Fig. 5. TB energy gaps ($E_{\rm g}^{H_{0}}$), renormalized energy gaps ($E_{\rm g}^{H}$), lowest exciton energy of singlet ($E_{\rm S}$) and the corresponding exciton binding energies ($E_{\rm b}^{\rm S}$) as a function of (a) the value of $n$ in the $(n,n-1)$ cGNRs with $w=9$, (b) the value of $n$ in the $(n,1)$ cGNRs with $w=6$, (c) the width number $w$ for the $(5,4)$ cGNR, and (d) the width number $w$ for the $(5,1)$ cGNR.

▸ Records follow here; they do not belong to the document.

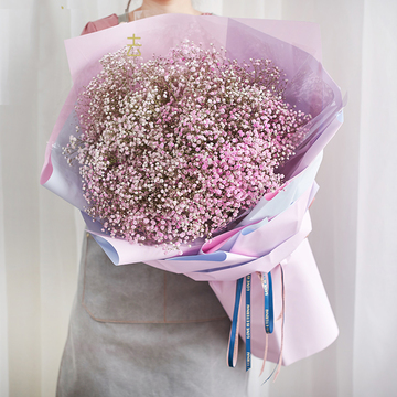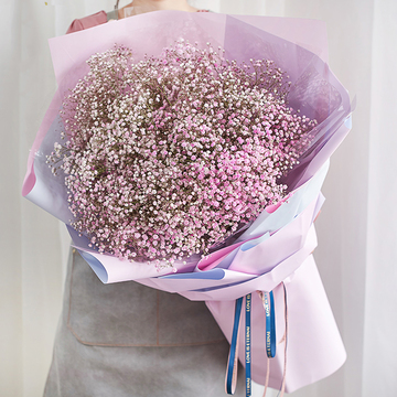 粉+蓝欧雅纸扇形包装,蓝色英文丝带束扎花语:你的大眼睛扑闪扑闪,我从里面看到了星光附送:
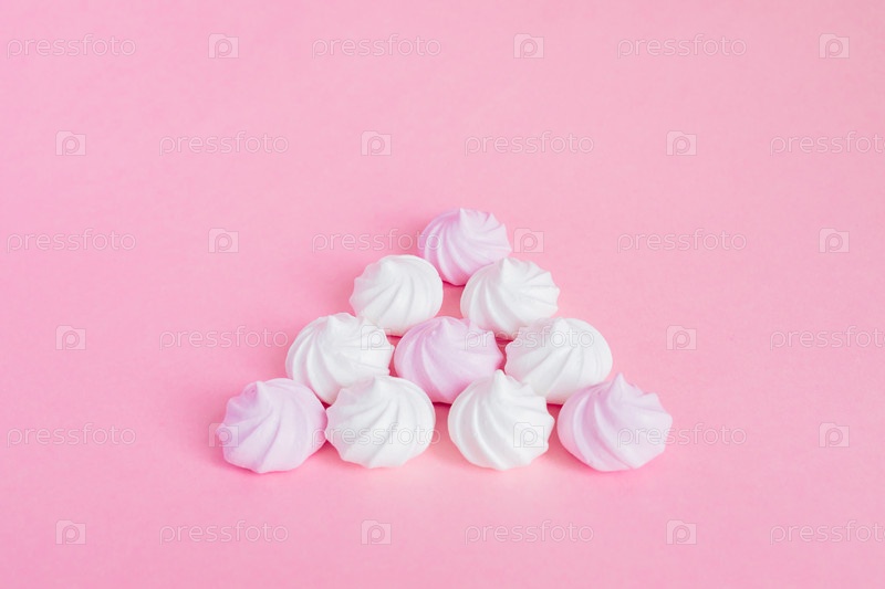 Белые и розовые скрученные безе в форме пирамиды на розовом фоне, поздравительная открытка, копия пространства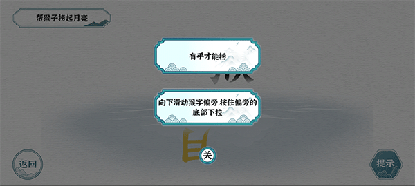 3、首先我们进入关卡以后,多次点击【猴】左侧的部首,等待它变成提手旁。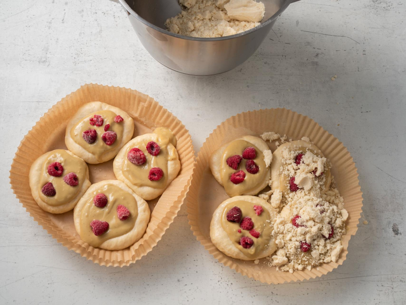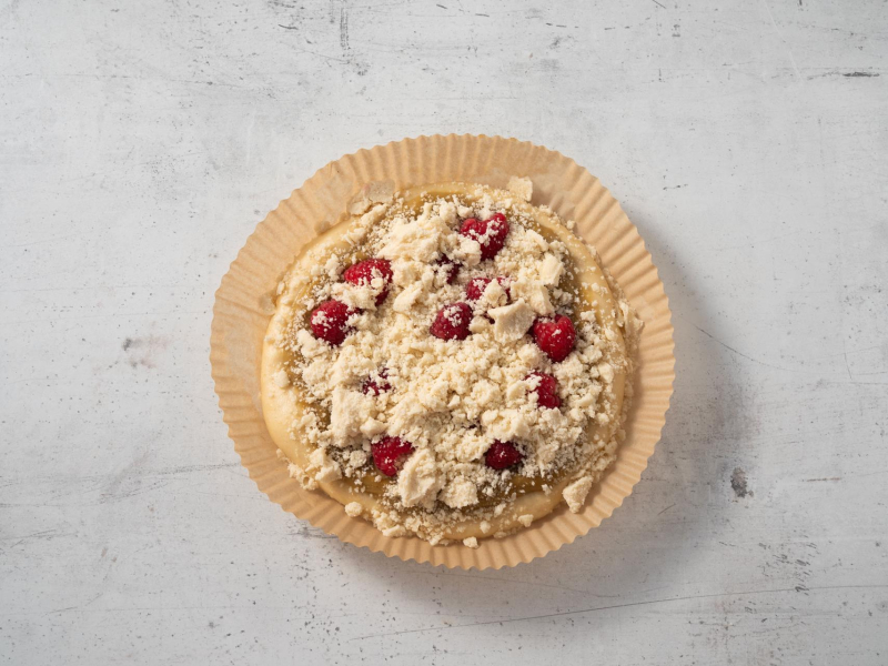 Jeśli w dużej, ciasto podziel na dwie części i wyłóż na dwóch papierowych formach do pieczenia. Kulkę spłaszcz i rozprowadź na dnie formy, na każdej z nich wyłóż połowę porcji kremu budyniowego, maliny i kruszonkę.

The energies for $(n,1)$ cGNRs are quite different from those of $(n,n-1)$ cGNRs. As shown in Fig. 5(b), when $n$ increases, $E_{\rm g}^{H_{0}}$ does not decrease or increase monotonously, but increases first and then oscillates around 0.45 eV, which equals to the energy gaps of zGNRs with the same widths. This is because the edge-localized magnetic moments will quickly converge to those of zGNRs when the lengths of zigzag edges of $(n,1)$ cGNR increase. Here $E_{\rm g}^{H}$ and $E_{\rm S}$ have similar trends to $E_{\rm g}^{H_{0}}$, while they are about 0.7 eV and 0.3 eV larger than $E_{\rm g}^{H_{0}}$, respectively, and $E_{\rm b}^{\rm S}$ is much flatter with almost unchanged values. Next, the width-dependent exciton effects are investigated. When the width of an $(n,n-1)$ cGNR increases, $E_{\rm g}^{H_{0}}$, $E_{\rm g}^{H}$ and $E_{\rm S}$ oscillate distinctively with the period of three, such as the (5,4) cGNR shown in Fig. 5(c). Generally, the energy gaps are the largest when ${\rm mod}(w,3)=1$, the smallest when ${\rm mod}(w,3)=2$, and medium when ${\rm mod}(w,3)=0$. This property is similar to the oscillation of the energy gaps of aGNRs because of their structure similarity.[28] The oscillation property can be understood by three kinds of projections of the 2D band structure of graphene onto the 1D Brillouin zone of the $(n,n-1)$ cGNRs, as previous successful explanation of aGNRs. The values of $E_{\rm g}^{H_{0}}$, $E_{\rm g}^{H}$, and $E_{\rm S}$ plotted in Fig. 5(c) have the same oscillations, while $E_{\rm b}^{\rm S}$ shows a much small oscillation. This means that the binding energy is not very sensitive to the energy gap. For the $(n,1)$ cGNRs, when the width increases, $E_{\rm g}^{H_{0}}$, $E_{\rm g}^{H}$, $E_{\rm S}$, and $E_{\rm b}^{\rm S}$ also show oscillations but with the period of two, as shown in Fig. 5(d). The period of two comes from the fact that there are two different symmetries between the opposite zigzag edges depending on whether $w$ is odd or even, therefore there are two different couplings between the opposite edge states. The strengths of the couplings will damp out as the widths increase, due to the localized behavior of the edge states. As a result, these oscillations damp out. Then $E_{\rm g}^{H_{0}}$, $E_{\rm g}^{H}$, $E_{\rm S}$, and $E_{\rm b}^{\rm S}$ become smoother and decrease monotonously for large $w$, as shown in Fig. 5(d).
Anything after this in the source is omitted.